There was a niche in the wall, which Thorn had not seen. Sylva was there, sleeping the same heavy, dreamless sleep from which Thorn himself had just awakened. He went to her swiftly. She was breathing naturally, though tears from the irritating gas still streaked her face and her skin seemed to be pinkened a little from the same cause.

Thorn swung around. His weapons were gone, of course. The huge man snapped on the induction-screen switch again and put down his weapon. With that screen separating the room into two halves, no living thing could cross it without either such muscular paralysis as Thorn had just experienced, or death. Coils in the floor induced alternating currents in the flesh itself, very like those currents used for supposed medical effects in “medical batteries,” and “shockers.”

“Be calm!” said Kreynborg, chuckling. “I am pleased to haff company. This is der loneliest spot in der Rockies. It was chosen for that reason. But I shall be here for maybe months, and now I shall not be lonely. We of der Com-Pubs haff scientific resources such as your fools haff nefer dreamed of, but there is no scientific substitute for a pretty woman.”

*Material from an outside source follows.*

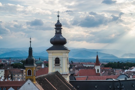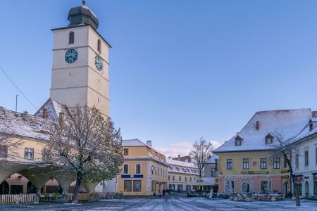 Sibiu, Romania - Lesser Square and Council Tower morning cloudy day, Transylvania saxon city.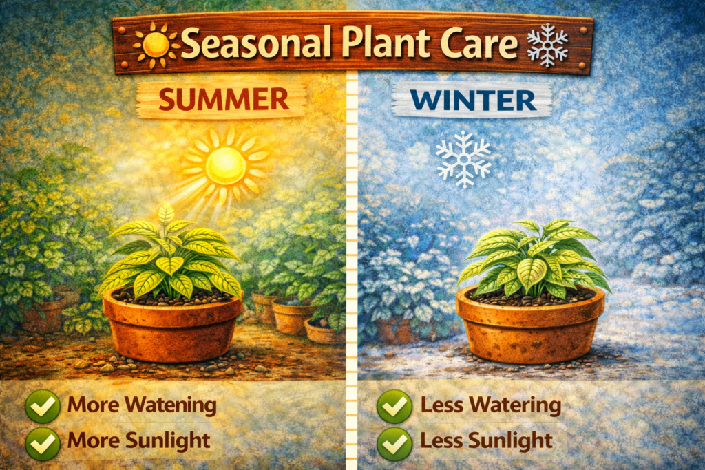 I remember one summer, my living room felt perfect. Soft sunlight in the morning, curtains open, floor clean, chai in my hand. My plant was green, no yellow leaves, no drooping. But weeks passed. Nothing changed. No new leaf. No height. Just… stuck.

He turned again to the writing device. It clicked half a dozen times more, and he stopped. A strip of paper came out of it. He inserted it into the slot of another mechanism and switched on a standard G.C. phone as the paper began to feed. In seconds the room was filled with unearthly hoots and wails and whistles. They came from the device into which the paper was feeding, and they poured into the G.C. transmitter. They went on for nearly a minute, and ceased. Kreynborg shut off the transmitter.

“My code,” he observed comfortably, “gifing der good news to Stalingrad. Everything is going along beautifully. I roused der fair Sylva and kissed her a few times to make her scream into a record, and I interpolated her screamings into der last code transmission. Your wise men think der Martians haff vivisected her. They are concentrating der entire fighting force of der United Nations outside der dome of force. And all for a few kisses!”

* * * * *

Thorn was white with rage. His eyes burned with a terrible fury. His hands shook. Kreynborg chuckled again.

“Oh, she is unharmed–so far. I haff not much time now. Presently der two of you will while away der time. But not now.”